§ **Task objective**: Below are the entries. Print only the lines starting at the one with "Parduotuvėje galima apžiūrėti" and ending at the one with "涪陵区荔枝街道2025年10月低保人员新增公示", exactly, with no pictures.

§ **Given records**:

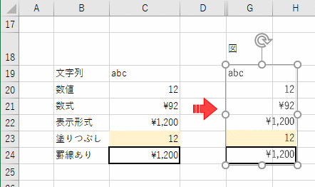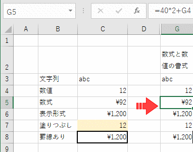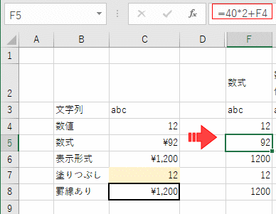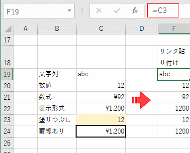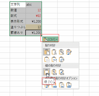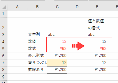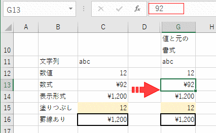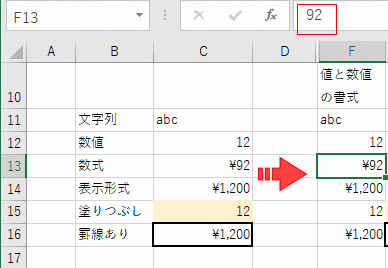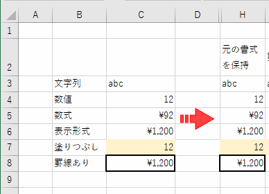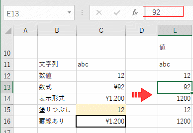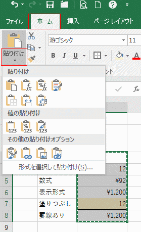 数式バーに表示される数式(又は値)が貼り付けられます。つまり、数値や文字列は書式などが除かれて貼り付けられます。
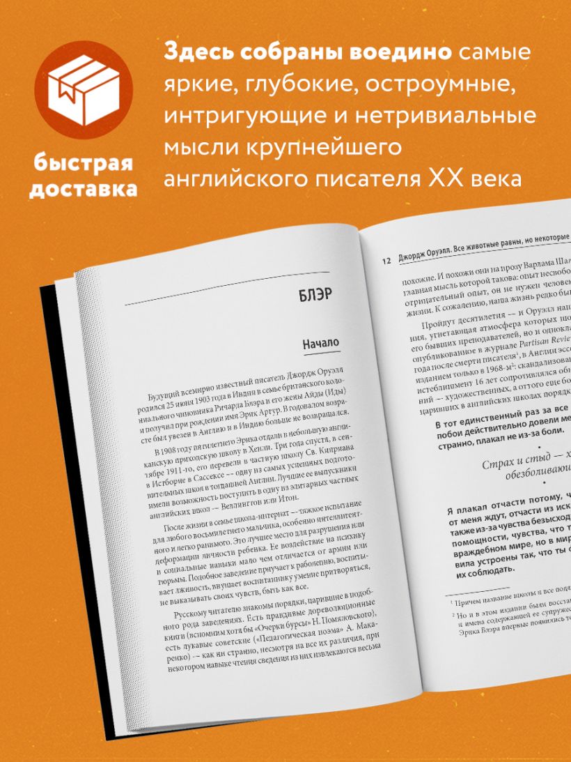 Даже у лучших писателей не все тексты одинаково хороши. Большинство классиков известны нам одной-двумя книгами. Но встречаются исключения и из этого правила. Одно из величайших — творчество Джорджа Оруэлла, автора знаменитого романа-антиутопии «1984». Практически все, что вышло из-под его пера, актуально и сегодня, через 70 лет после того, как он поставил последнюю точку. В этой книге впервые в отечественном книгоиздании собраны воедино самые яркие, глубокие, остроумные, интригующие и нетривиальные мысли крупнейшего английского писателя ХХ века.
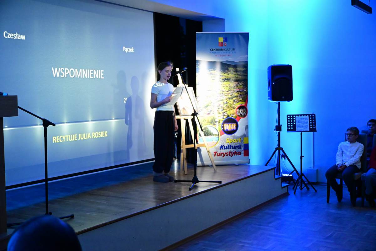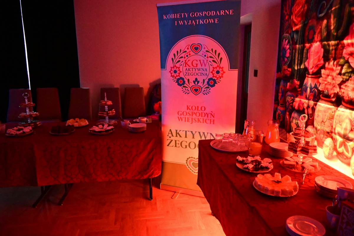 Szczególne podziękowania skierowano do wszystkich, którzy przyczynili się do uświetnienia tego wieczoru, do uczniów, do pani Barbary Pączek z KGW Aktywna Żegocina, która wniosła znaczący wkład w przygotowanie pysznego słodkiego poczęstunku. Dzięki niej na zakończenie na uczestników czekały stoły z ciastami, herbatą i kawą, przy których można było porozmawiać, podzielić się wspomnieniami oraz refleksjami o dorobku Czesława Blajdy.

...

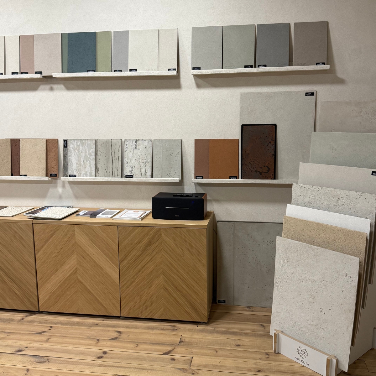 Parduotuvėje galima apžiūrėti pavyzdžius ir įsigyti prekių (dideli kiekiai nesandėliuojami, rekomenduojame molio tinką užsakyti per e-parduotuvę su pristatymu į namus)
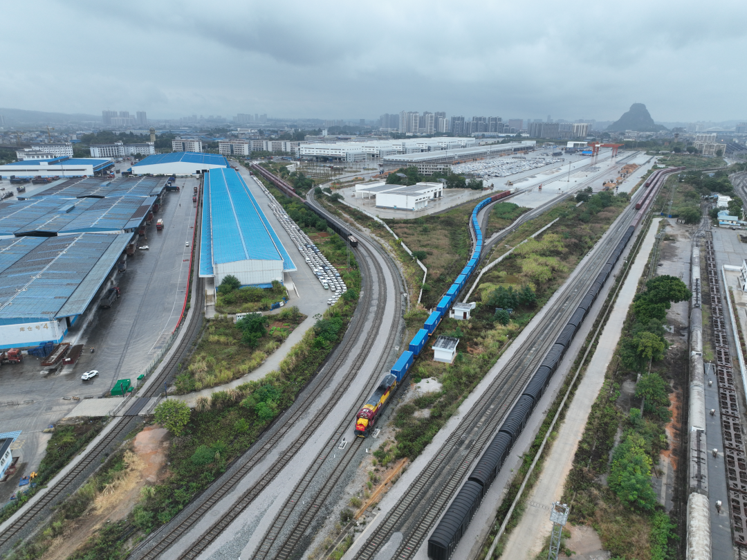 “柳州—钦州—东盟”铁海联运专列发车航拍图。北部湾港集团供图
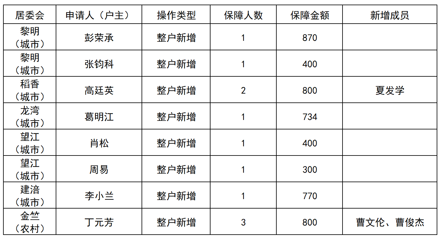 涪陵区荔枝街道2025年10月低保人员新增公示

--

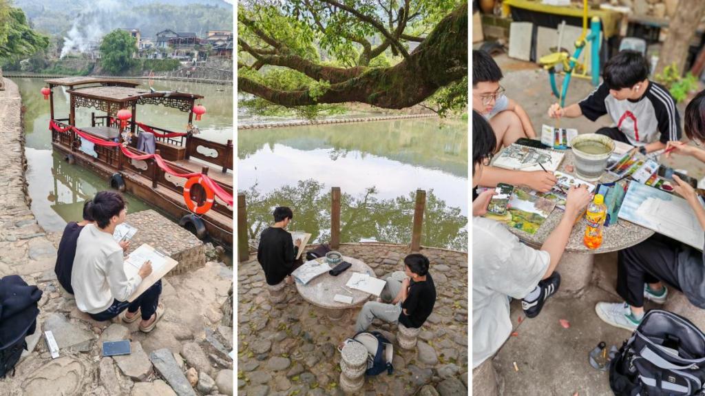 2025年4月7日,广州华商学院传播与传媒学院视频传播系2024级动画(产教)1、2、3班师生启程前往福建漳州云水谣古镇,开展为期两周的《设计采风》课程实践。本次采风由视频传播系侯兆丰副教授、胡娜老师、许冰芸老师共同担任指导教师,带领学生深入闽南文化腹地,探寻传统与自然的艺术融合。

§ **Exercise result**:
 Parduotuvėje galima apžiūrėti pavyzdžius ir įsigyti prekių (dideli kiekiai nesandėliuojami, rekomenduojame molio tinką užsakyti per e-parduotuvę su pristatymu į namus)
 “柳州—钦州—东盟”铁海联运专列发车航拍图。北部湾港集团供图
 涪陵区荔枝街道2025年10月低保人员新增公示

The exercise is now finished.